Input material |

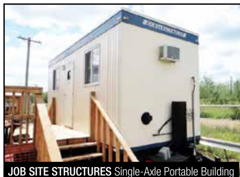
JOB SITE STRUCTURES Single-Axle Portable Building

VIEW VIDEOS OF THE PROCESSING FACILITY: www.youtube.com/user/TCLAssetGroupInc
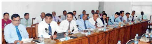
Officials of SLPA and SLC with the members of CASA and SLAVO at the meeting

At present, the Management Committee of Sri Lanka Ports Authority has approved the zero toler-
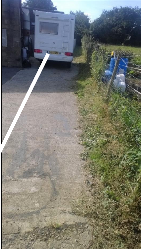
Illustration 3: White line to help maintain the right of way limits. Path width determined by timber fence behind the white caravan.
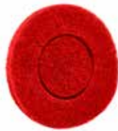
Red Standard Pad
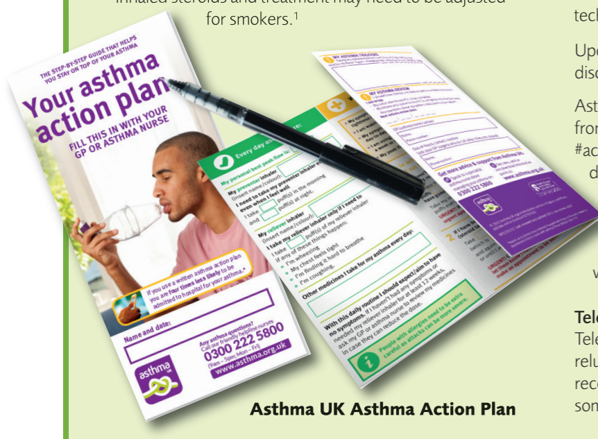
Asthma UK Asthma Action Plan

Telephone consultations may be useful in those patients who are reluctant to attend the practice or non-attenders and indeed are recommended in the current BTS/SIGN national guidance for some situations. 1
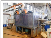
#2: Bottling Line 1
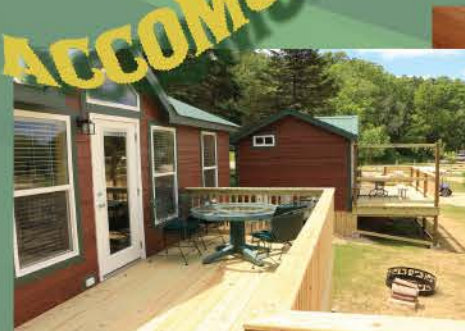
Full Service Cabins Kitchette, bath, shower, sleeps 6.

---

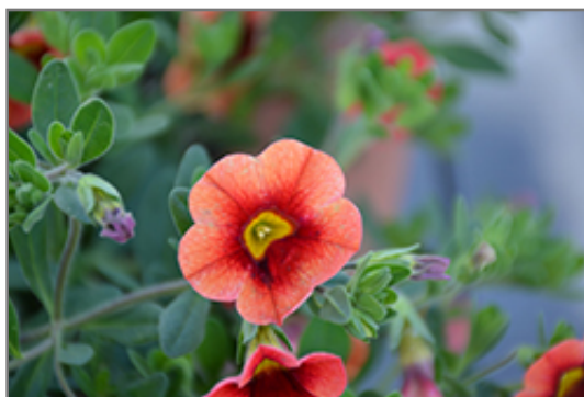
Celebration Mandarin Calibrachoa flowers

Exercise requirements | Given the entries above, transcribe exactly the lines from the one holding "Telephone consultations may" through the one holding "Full Service Cabins"; pictures do not belong in the transcription.

Task solution |
Telephone consultations may be useful in those patients who are reluctant to attend the practice or non-attenders and indeed are recommended in the current BTS/SIGN national guidance for some situations. 1
#2: Bottling Line 1
Full Service Cabins Kitchette, bath, shower, sleeps 6.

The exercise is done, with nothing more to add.